In 2012 moeten voeders voor biologisch gehouden varkens voor 100 procent bestaan uit grondstoffen van biologische herkomst. In biggenvoeders kan dat tot een knelpunt leiden, omdat met name de keuze uit eiwitrijke biologische grondstoffen voor biggen niet groot is. In praktijkonderzoek op varkensproefbedrijf Raalte is het effect onderzocht op voeropname, groei, voederconversie en gezondheid van gespeende biggen als – in plaats van sojaschilfers – raapzaadeiwit- en erwteneiwitconcentraat als belangrijkste eiwitbron in het biggenvoer zijn opgenomen. Deze eiwitconcentraten zijn momenteel nog niet van biologische herkomst maar het productieproces waarmee ze gemaakt worden is wel toegestaan in de biologische houderij.
Drie proefbehandelingen
Het onderzoek is gedaan met 516 gespeende biologische biggen (11 herhalingen per proefbehandeling en 14 tot 16 gespeende biggen per hok).

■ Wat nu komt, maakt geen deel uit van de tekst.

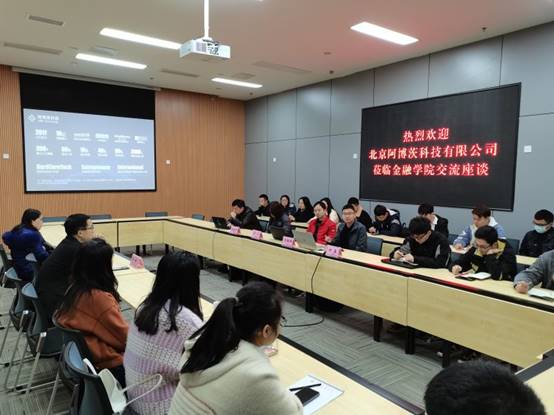 为了加强校企产学研合作,2021年3月8日,北京阿博茨科技有限公司受邀来渝在公司新图书馆三会议室与英国365集团公司进行交流座谈。阿博茨科技首席技术官(CTO)刘铁峰、产品副总裁李凡、西南大区总监何鑫、人力资源总监夏春红、金融公司党委副书记、纪委书记余新、副经理王韧以及金融专硕40余名同学参加了会议。会议由王韧主持。

Er zijn drie proefbehandelingen vergeleken:- controle biggenvoer met sojaschilfers als belangrijkste eiwitbron;
- biggenvoer met 8,5 procent erwteneiwitconcentraat;
- biggenvoer met 10 procent raapzaadeiwitconcentraat.
Op basis van de resultaten kan worden geconcludeerd dat beide eiwitconcentraten geschikte alternatieve eiwitbronnen zijn voor gespeende biggen.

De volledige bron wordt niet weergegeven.